Portanto, não há nenhuma novidade quando o presidente Donald Trump se refere à América do Sul e Central como “quintal dos EUA”. O senhor Pete Hegseth, secretário de defesa dos EUA, em entrevista ao canal Fox News no dia 10.04.2025, assim se manifestou: (a) criticou o avanço da China na região utilizando-se do Canal do Panamá; (b) criticou o ex-presidente Barack Obama por ter deixado a China atuar na América do Sul e Central impondo sua influência econômica e cultural, além de ter feito “acordos ruins” com governos locais; (c) ressaltou que os EUA farão tudo o que for possível para interromper a influência chinesa na região, bem como as ameaças que a China representa para o hemisfério; (d) finalmente destacou a posição do presidente Donald Trump: “não mais, nós vamos recuperar o nosso quintal”. Para Donald Trump, a China “cresceu nesse quintal” durante os últimos governos democratas.
Em visita oficial recente ao Panamá, o secretário Pete Hegseth externou novamente o desejo de Donald Trump de que os EUA voltem a comandar o canal como era até 1999. Além disso, informou que haverá aumento das forças americanas nas antigas bases militares, além de solicitar isenção das taxas aplicadas às embarcações militares dos EUA, cujo movimento é elevado.
No mesmo evento, o secretário saudou a decisão do governo do Panamá de ter declinado de sua participação no projeto chinês da “nova rota da seda”, programa que, por um lado, promove a expansão de obras de infraestrutura e, por outro, busca a cooperação no âmbito de interesses mútuos.
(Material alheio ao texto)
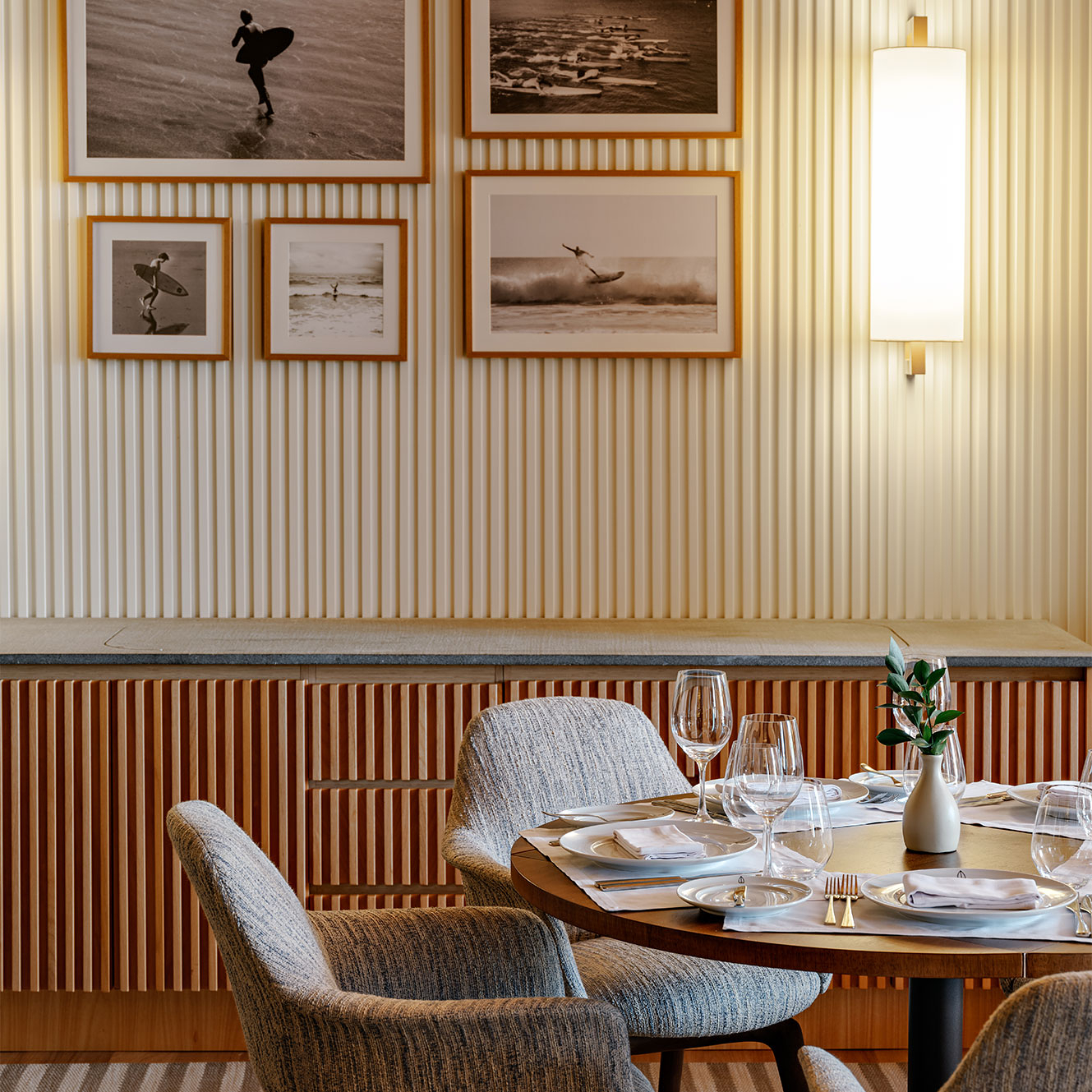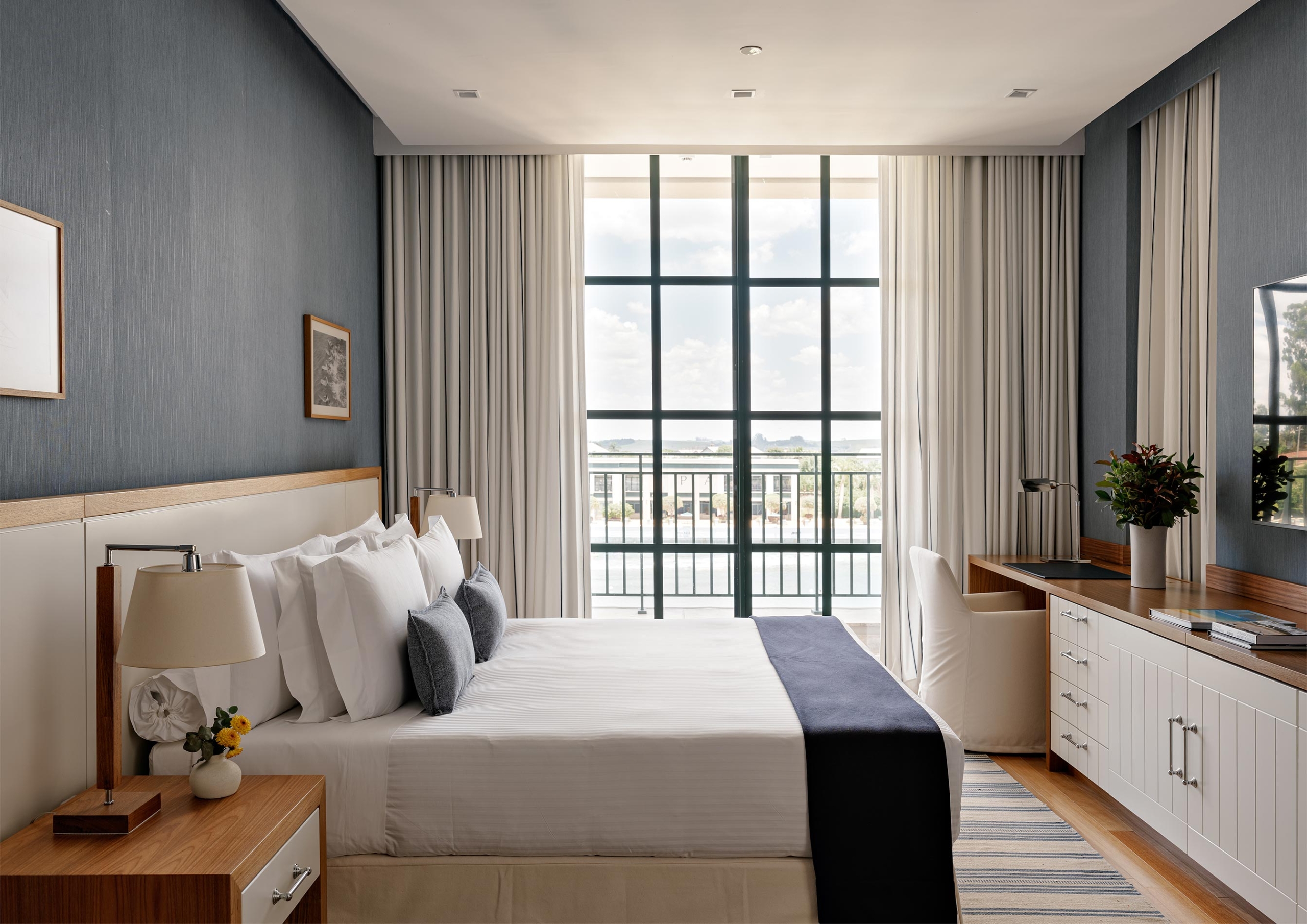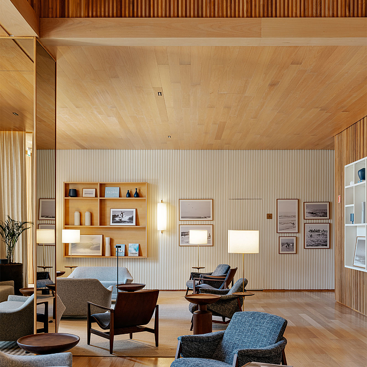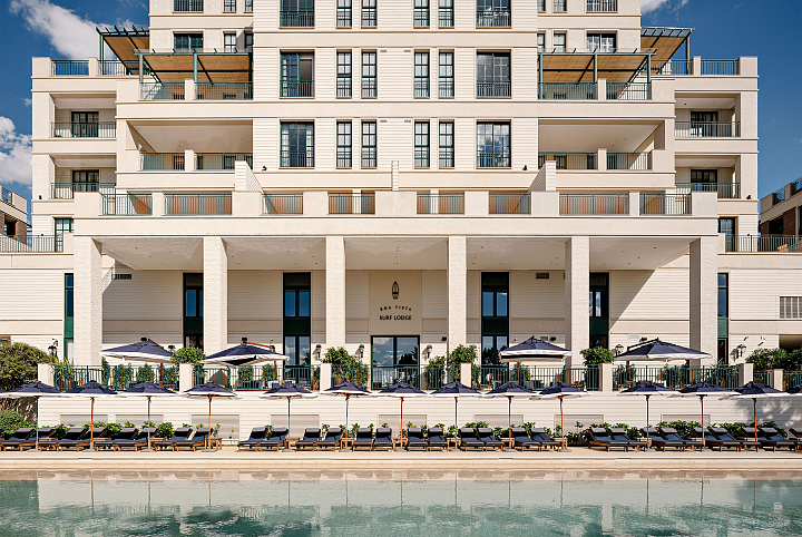 No Boa Vista Surf Lodge, a arquitetura estabelece uma mediação precisa entre paisagem, esporte e experiência. Implantado no coração do Boa Vista Village, em Porto Feliz, o projeto organiza o conjunto como uma sequência de volumes baixos e abertos, favorecendo circulação fluida, integração visual e uma relação contínua com o exterior. A piscina de ondas atua como eixo estruturador do espaço e da vivência coletiva, mais do que como atração isolada. A linguagem arquitetônica privilegia proporções equilibradas, materiais naturais e uma leitura contemporânea que valoriza o tempo lento do lugar. Varandas generosas, transparências controladas e áreas de convivência abertas reforçam a ideia de observação e encontro, elementos centrais na cultura do surfe, criando um refúgio que transcende o modelo tradicional de hotelaria. Em diálogo direto com os interiores assinados por Sig Bergamin & Murilo Lomas, a atmosfera do lodge é definida por uma paleta de azuis suaves, off-whites e madeira natural, evocando um litoral imaginado no interior paulista. A referência ao imaginário dos Hamptons surge de forma sensível, não como citação literal, mas como afinidade estética marcada por leveza, elegância e informalidade sofisticada. Fotografias vintage de surfe e superfícies claras reforçam esse clima de frescor e atemporalidade. O resultado é um conjunto coeso, onde arquitetura, interiores e paisagem operam em sintonia para criar uma experiência que é simultaneamente esportiva, contemplativa e refinada. No Boa Vista Surf Lodge, o espaço não se impõe: ele conduz, acolhe e permanece na memória.
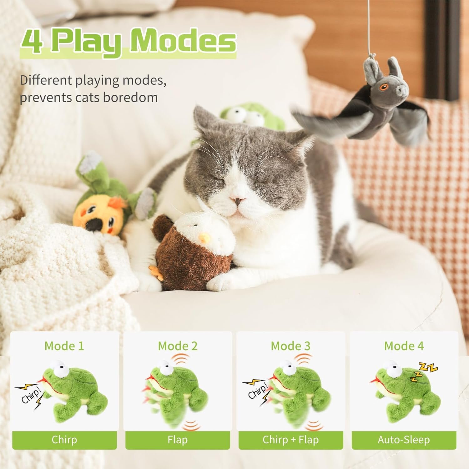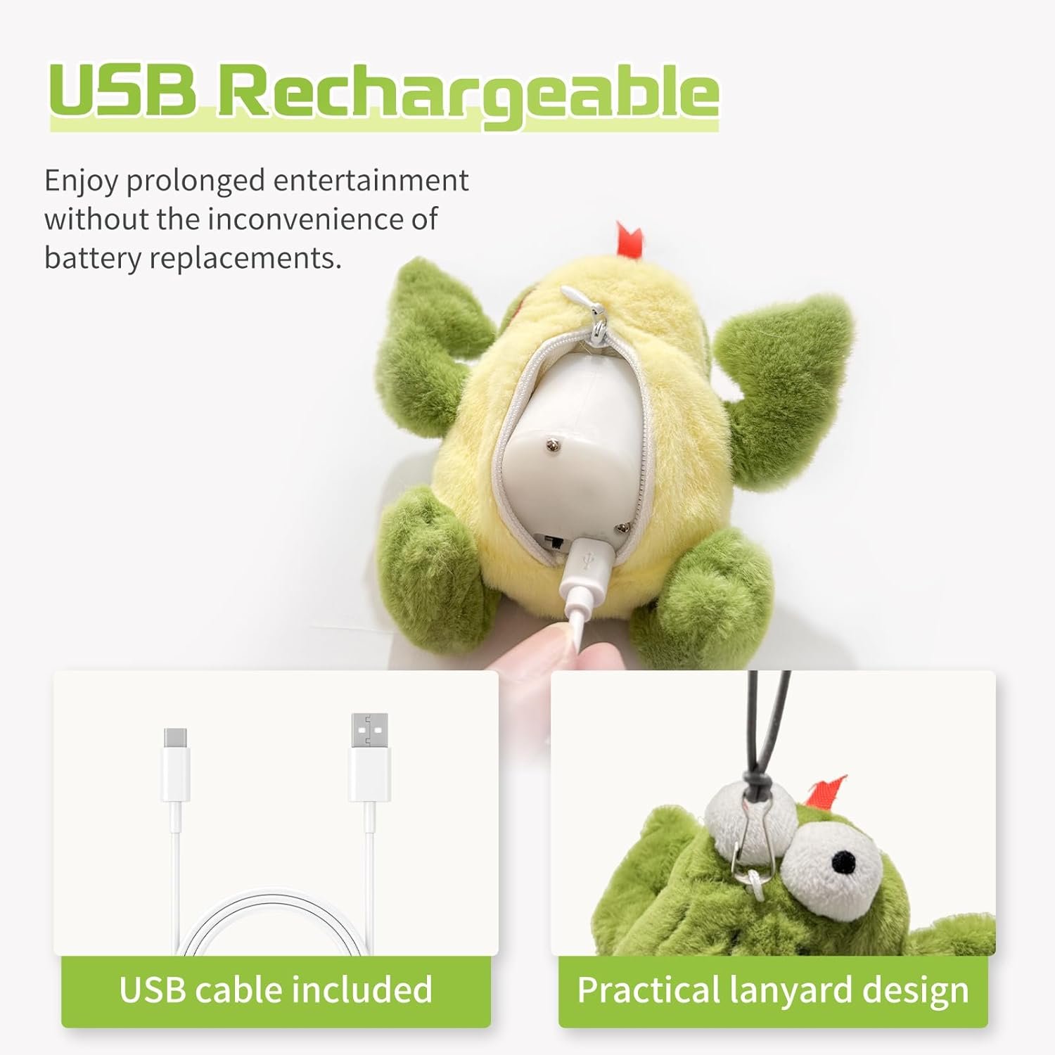 【USB Charging Kitten Toys】 Our cat toys self play is equipped with a USB rechargeable feature, eliminating the need for battery replacements (USB cable included) .The frog cat toy for cat birthday conserves battery power by remaining in a dormant when not playing,and quiet state, ensuring long-lasting usage.
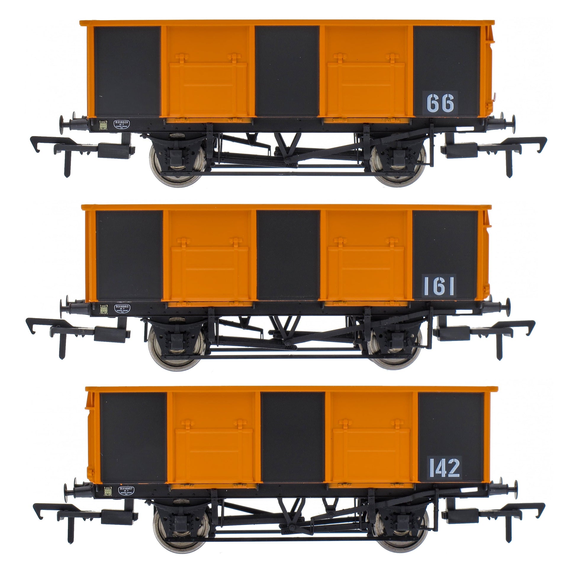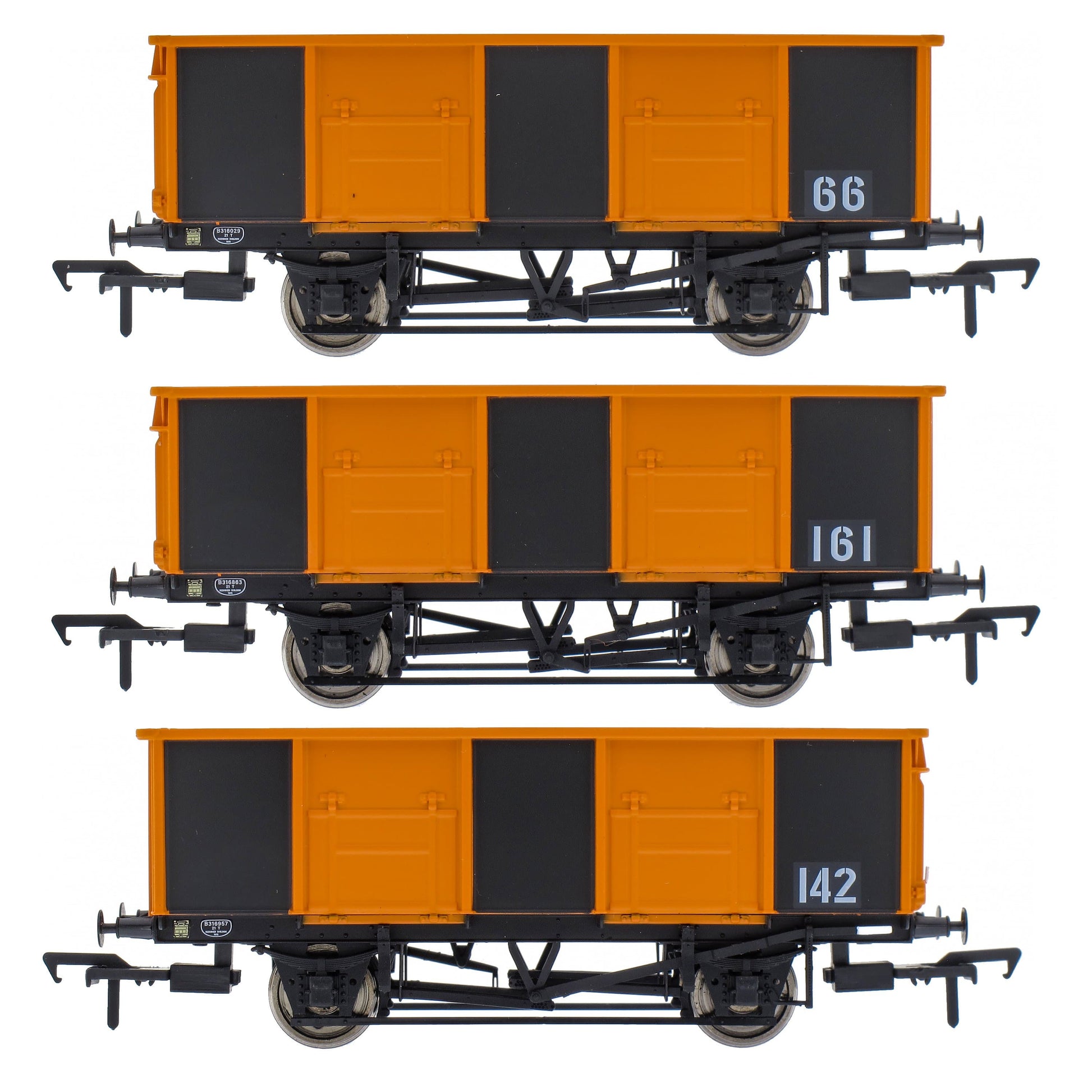 Our dark grey and orange livery is inspired by the internal user wagons at Grimethorpe Colliery in North Yorkshire, however due to their plain livery they could be adapted for use on your own industrial layout. The pack will contain three individually numbered wagons.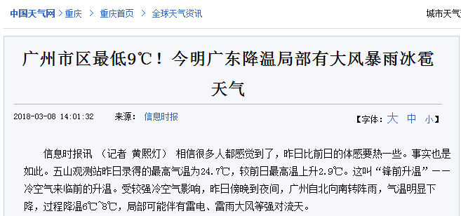 近日,一场寒流袭击我国的广东地区。广东多个市、县都出现了大幅的降温,温降达到6~8℃。广东市区的最低温度更是低至9℃!除此之外,还可能出现大风和雷雨。堪称是忽如一夜冬风来。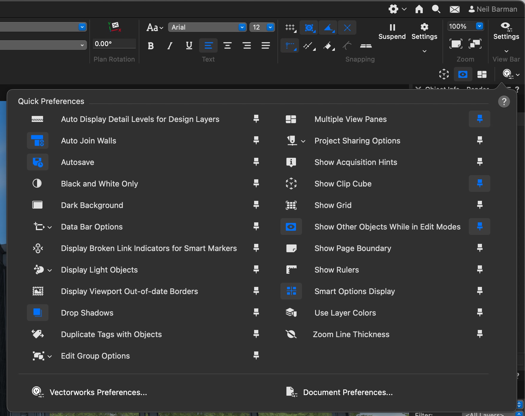 Another useful feature is Quick Preferences, which allows you to pin and unpin frequently used preference buttons on the Mode Bar. This gives you quick access to preferences that you often need to change. Additionally, you can toggle preferences on or off directly from the Quick Preferences setting pop-up, eliminating the need to navigate through Vectorworks Preferences. These customization options save you time and ensure a smooth and efficient workflow.
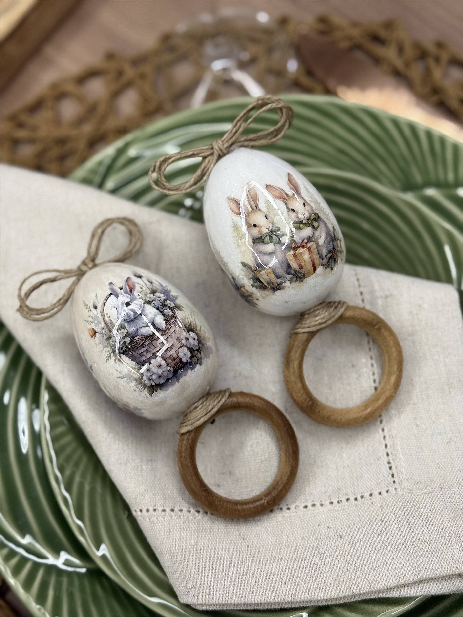 Este conjunto é composto por dois porta guardanapos com estampas diferentes, trazendo ilustrações exclusivas de coelhinhos em estilo clássico, aplicadas em formato de ovo decorativo, com acabamento em laço rústico e argola em madeira.

Registre-se que o canal do Panamá continua sendo estratégico para os EUA, uma vez que por ele passam 40% de todos os conteiners dos EUA, bem como 5% de todo o comércio mundial.
3.
A China se manifestou duas vezes sobre esses assuntos acima mencionados. Na primeira delas afirmou que o governo de Donald Trump está chantageando o governo do Panamá, uma vez que acordos comerciais são decisões soberanas dos países, portanto interferências externas são inaceitáveis.
Na segunda, a China rebateu mais fortemente a visão de Donald Trump sobre a América Latina e Central: os povos latino-americanos buscam suas independências e não querem doutrinas de dominação porque buscam construir seu próprio lar sem ser quintal de ninguém.
Neste sentido, nota-se que há mais elementos centrais que fazem parte do lado esquecido do imperialismo dos EUA, além da guerra comercial que esse país vem travando globalmente, porém em particular com a China: cortes expressivos nos programas mundiais de ajuda humanitária; retirada do país dos principais organismos e agências da Organização das Nações Unidas (ONU); culpabilização dos países latino-americanos pelo avanço das drogas na sociedade Estadunidense; culpabilização dos imigrantes latinos pelos problemas estruturais do mercado de trabalho dos EUA; etc.
Por fim, acreditamos que a maioria dos latino-americanos não tem nenhum apreço pelos desejos do presidente dos EUA, uma vez que seus quintais são providos de jardins com flores que simbolizam o amor e a paz entre os povos e não pelo ódio e pela guerra que nutrem cotidianamente a mente de um psicopata.
*Lauro Mattei é professor titular do Departamento de Economia e Relações Internacionais e do programa de pós-graduação em Administração, ambos na UFSC.
Notas
[1] Nunca é tarde relembrar ao senhor Trump que o Continente Americano é composto por três regiões geográficas com os seguintes países: América Latina e Caribe (33 países); América Central (7 países) e América do Norte (3 países). Portanto, as Américas não se restringem apenas ao país que ele governa atualmente.